Retail Sales Soar Past Expectations
The Commerce Department said on Aug 15 that retail sales grew a solid 1% in July, following a 0.2% decline in June and ahead of the consensus estimate of a rise of 0.3%.
Retail sales, excluding gasoline, food, building materials and automobiles rose 0.3% in July after increasing 0.9% in June. Year over year, retail sales jumped 2.7% in the previous month, while total sales from May through July advanced 2.4% from the year-ago levels.
July’s jump was driven by a solid 3.6% jump in sales at motor vehicles and auto parts dealers. Sales at electronics and appliance stores rose 1.6% in July. Sales at food and beverage outlets rose 0.9%.
Online sales increased 0.2% in July after increasing 2.2% in June. Amazon.com, Inc’s (AMZN) Prime Day was largely responsible for the jump in online sales. Also, back-to-school shopping gave a boost to overall retail sales.
Resilient consumer spending saw retail sales grow in July, which could alleviate fears of a recession that were triggered earlier this month following a disappointing jobs report and a spike in the unemployment rate.
Inflation has been declining over the past quarter, with the consumer price index (CPI) reading increasing marginally in July.
Year over year, CPI increased 2.9% in July, lower than June’s jump of 3%. This was also the lowest pace of increase since March 2021.

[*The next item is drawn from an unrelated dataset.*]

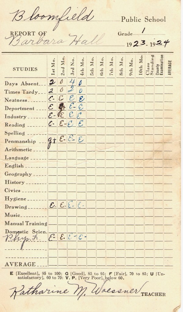 Take note of the difference in reporting. There are subjects for which she has grades which are no longer on any report card. Also of note her mother had to sign the card and return it to school to be recorded something else which is no longer done.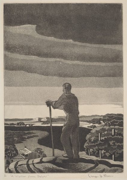 Curator: Looking at Leon Gilmour’s intaglio print, "Let the Living Rise," made in 1937, one sees immediately how Gilmour masterfully balances Social Realism with an abstract style. The scene depicts a solitary figure in the foreground looking up towards planes and a vortex. Editor: My initial thought is—this feels unsettling, like witnessing a prophecy. The monochrome palette heightens the drama, casting long shadows that seem to reach out of the artwork. The swirling lines above make me feel kind of queasy, like an impending storm front, and, ugh, there are warplanes. Curator: Indeed, the monochromatic approach lends a stark, decisive tone, enhancing the gravity of the subject. The intaglio method, where the image is etched into a plate, adds depth, highlighting texture and tone which contributes significantly to the symbolic language. The lone figure carries multiple meanings here, it could symbolize humanity itself. His hand, outstretched, almost evokes a sense of hopeful beckoning toward progress but also conveys helplessness, fear in the face of aerial bombardment. Editor: Right? Hopeful but with the hand raised almost to shield him. And that turbulent sky is doing *things* to me; those lines could just as easily be water, a massive wave overtaking the city down below... is that destruction and chaos or hope, guidance he sees up there? It’s almost a mirror of both emotions clashing, fighting it out on this tiny sheet. It kind of has a fun, bleak perspective about social awareness that, honestly, hits harder than a full color piece would have! Curator: Well put. I think the tension lies exactly in the contrast Gilmour creates. It does invite, and even demand introspection from viewers, who get prompted to ponder not just what the present holds, but, equally, what the future demands of us as the heirs and inheritors of humanity. The figure is then perhaps everyman: ourselves. Editor: It's strangely reassuring, in a bleak way, that these concerns have echoed throughout history, and that artists like Gilmour have used art to explore them. Curator: Ultimately, Gilmour urges a crucial dialogue: what should we fight for? How shall we rise above impending catastrophe? A prescient and resonant piece for us all.

A solid retail sales report coupled with softer inflation data has raised hopes that the Federal Reserve will finally start rate cuts in September. Lower interest rates bode well for the retail sector and the broader economy as it will give consumers more purchasing power.
Our Choices
Given this scenario, we have narrowed our search to four retail stocks such as Boot Barn Holdings, Inc. (BOOT - Free Report) , American Eagle Outfitters, Inc. (AEO - Free Report) , eBay Inc. (EBAY - Free Report) and The Gap, Inc. , with strong potential for 2024.
Boot Barn Holdings, Inc. operates as a lifestyle retail chain devoted to western and work-related footwear, apparel and accessories. BOOT’s products include boots, denim, western shirts, cowboy hats, belts and belt buckles, and western-style jewelry and accessories; and rugged footwear, outerwear, overalls, denims, and shirts, as well as safety-toe boots, and flame-resistant and high-visibility clothing.
Boot Barn Holdings’ expected earnings growth rate for the current year is 8.9%. The Zacks Consensus Estimate for current-year earnings has improved 9.5% over the past 60 days. BOOT presently sports a Zacks Rank #1.
American Eagle Outfitters, Inc. is a specialty retailer of casual apparel, accessories and footwear for men and women aged 15-25 years. AEO, along with its subsidiaries, engages in the designing and marketing of casual clothing.
American Eagle Outfitters’ expected earnings growth rate for the current year is 17.1%. The Zacks Consensus Estimate for current-year earnings has improved 1.7% over the past 60 days. AEO presently carries a Zacks Rank #2.
eBay Inc. operates an online shopping platform, which provides sellers the tools to build online store formats, making it easier for customers to browse by brands. Over the years, EBAY has evolved from a relatively small community user-based auction site to a worldwide commercial behemoth store. eBayis well-positioned in the online marketplace space.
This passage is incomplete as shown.